Assignment: Omit the pictures. Transcribe exactly the lines below, from the one with "- В конце приготовления" up to and including the last.

Source data:
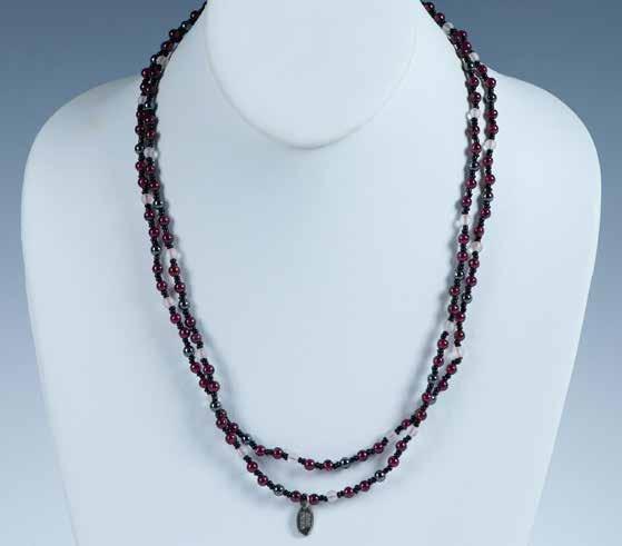 Four large medallions set in sterling silver float freely on a silver tone wire. Between each medallion are round and barrel shaped beads. 17”L. Medallions: approx. 1”1.25”dia.
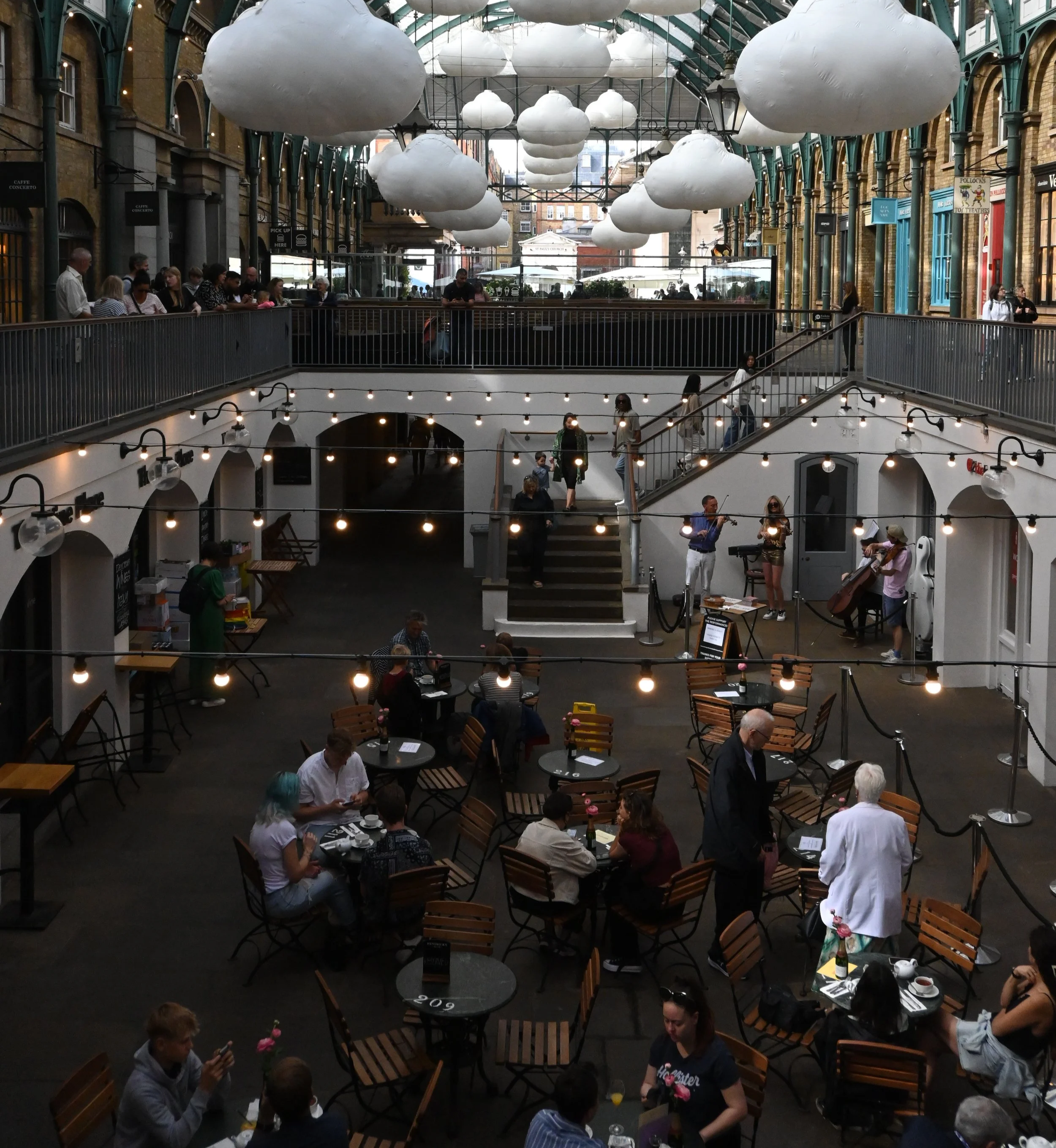 Uno dei momenti più belli è scendere al piano inferiore del mercato, dove spesso si esibiscono musicisti e artisti di strada. Le loro performance riempiono lo spazio di musica e applausi, creando una vibrazione magica che rende Covent Garden unico. È impossibile non fermarsi ad ascoltare e sorridere.
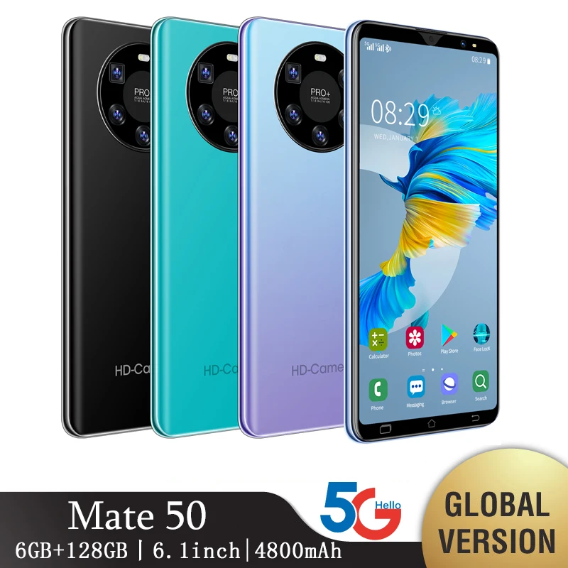 Mate 50 Pro Smartphone Global Version CellPhone Android 10.0 Mobile Phones 6.1 " Inch 6GB 128GB Dual SIM Face Unlock 4G/5G Phone
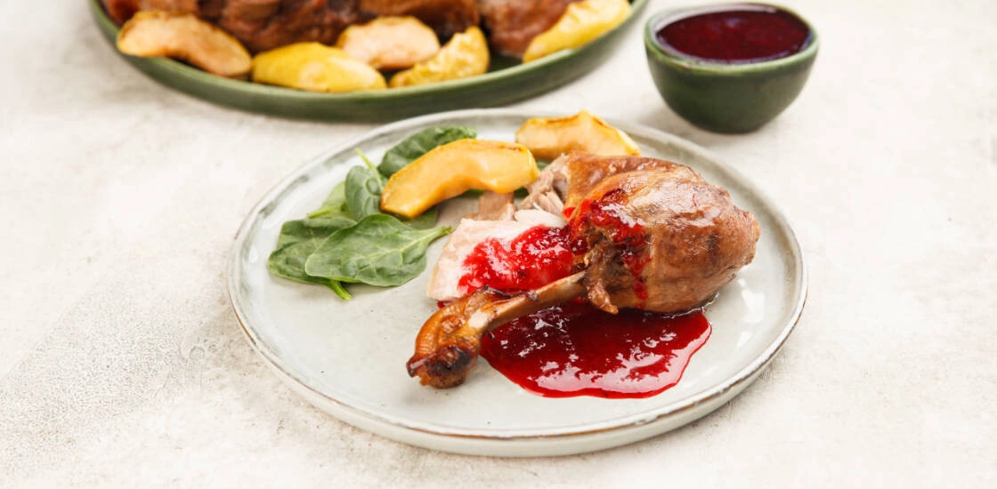 - В конце приготовления можно снять крышку/надорвать пакет и подрумянить утку под грилем при 200 °С в течение 5-10 минут. Подавайте утку с протёртой клюквой и салатом из свежей зелени.
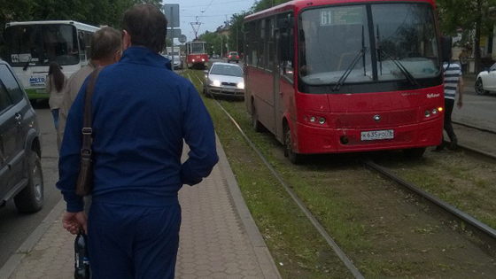 Пятёрка встала в пробке: маршрутки и машины едут по трамвайным путям

Result for this exercise:
 - В конце приготовления можно снять крышку/надорвать пакет и подрумянить утку под грилем при 200 °С в течение 5-10 минут. Подавайте утку с протёртой клюквой и салатом из свежей зелени.
 Пятёрка встала в пробке: маршрутки и машины едут по трамвайным путям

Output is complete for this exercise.